_RAW DATA_
───

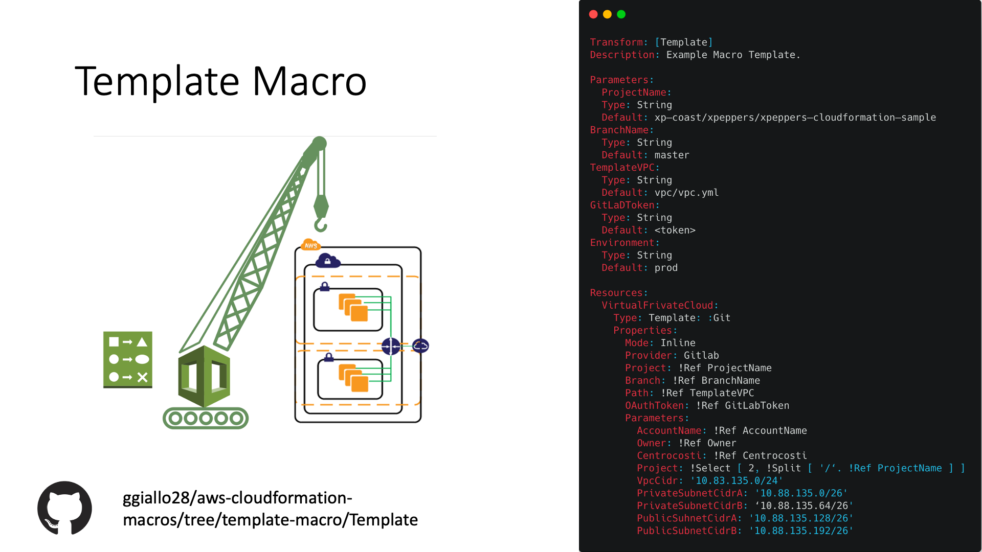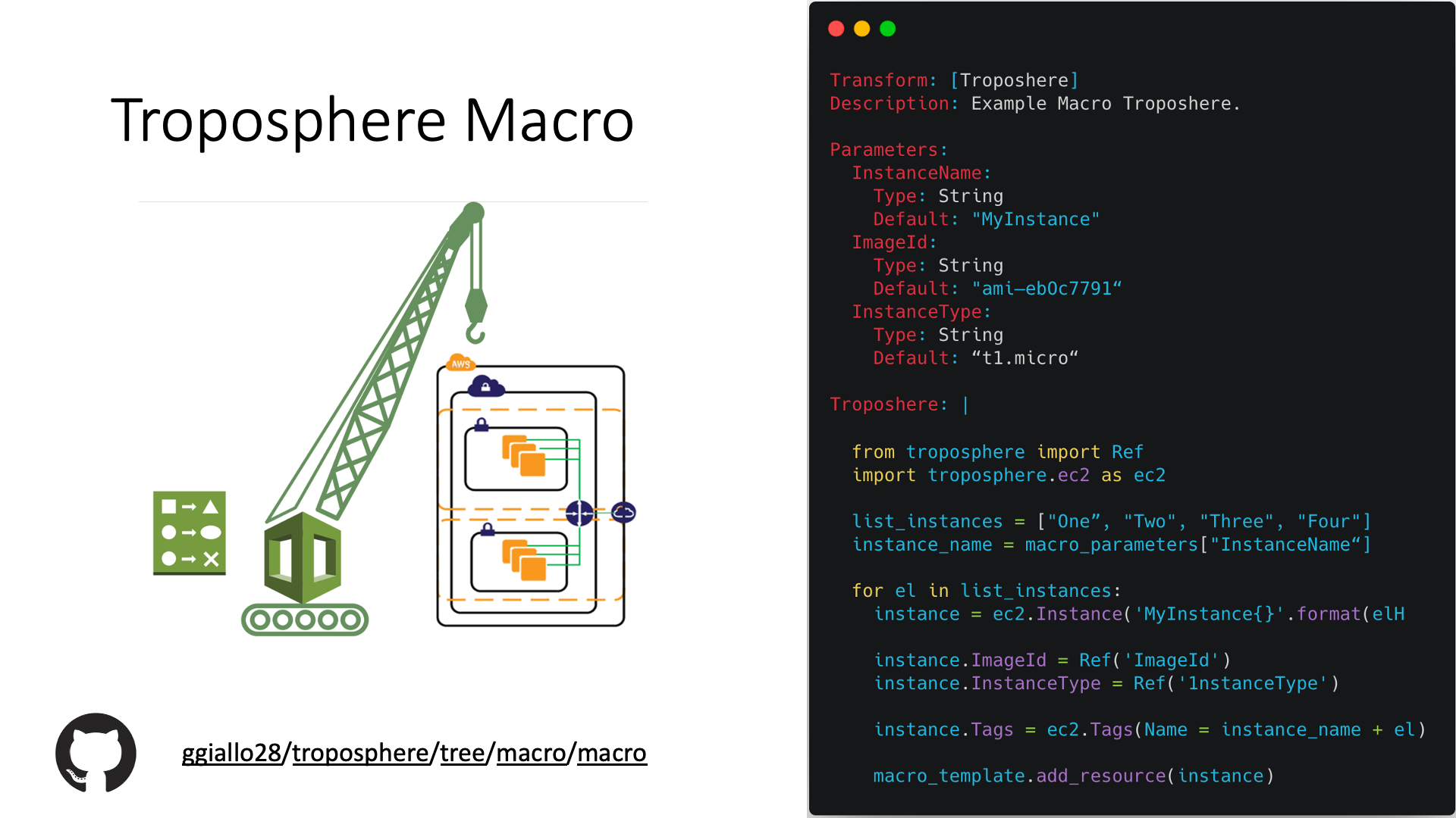 Troposphere Macro adds the ability to define your infrastructure by using Python language in a CloudFormation template, you can use if-then-else, for-loops and so on. Check Troposphere Macro docs if you need further information.
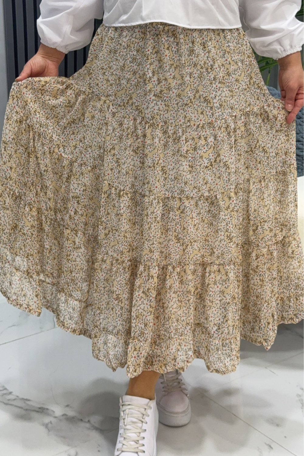 Etek şifon Bahar Krem
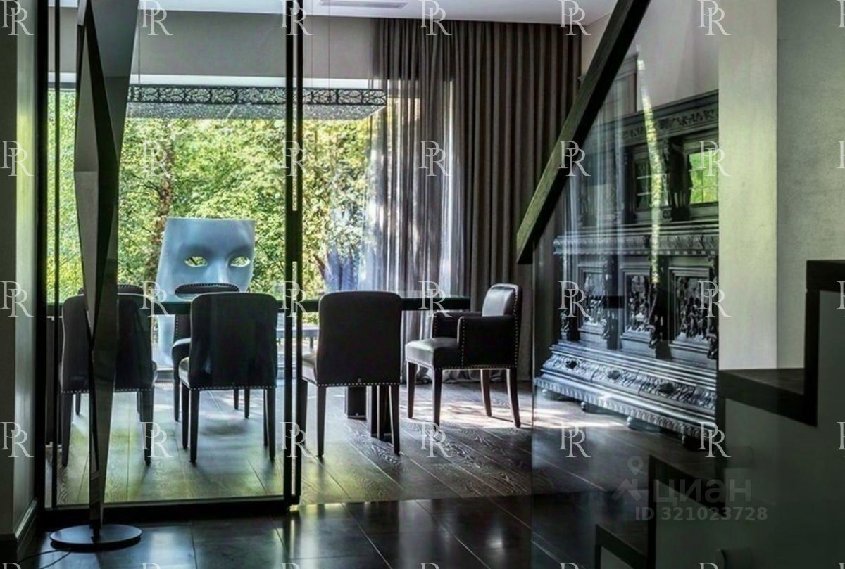 Планировка: Кухня-столовая, гостиная, открытая терраса, 4 спальни, два кабинета, 6 с/у, 4 гардеробных комнаты, спортзал, сауна, подземный паркинг на 4 автомашины.
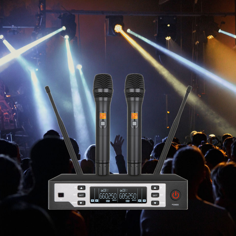 Système de microphone sans fil professionnel 113D à 2 microphones, double canal UHF, vente chaude, détecteur pour scène

───

_TASK DETAILS_
Keep every word of the lines above unchanged in the copy, and omit the pictures.

_SOLUTION FOR THIS PROBLEM_
 Troposphere Macro adds the ability to define your infrastructure by using Python language in a CloudFormation template, you can use if-then-else, for-loops and so on. Check Troposphere Macro docs if you need further information.
 Etek şifon Bahar Krem
 Планировка: Кухня-столовая, гостиная, открытая терраса, 4 спальни, два кабинета, 6 с/у, 4 гардеробных комнаты, спортзал, сауна, подземный паркинг на 4 автомашины.
 Système de microphone sans fil professionnel 113D à 2 microphones, double canal UHF, vente chaude, détecteur pour scène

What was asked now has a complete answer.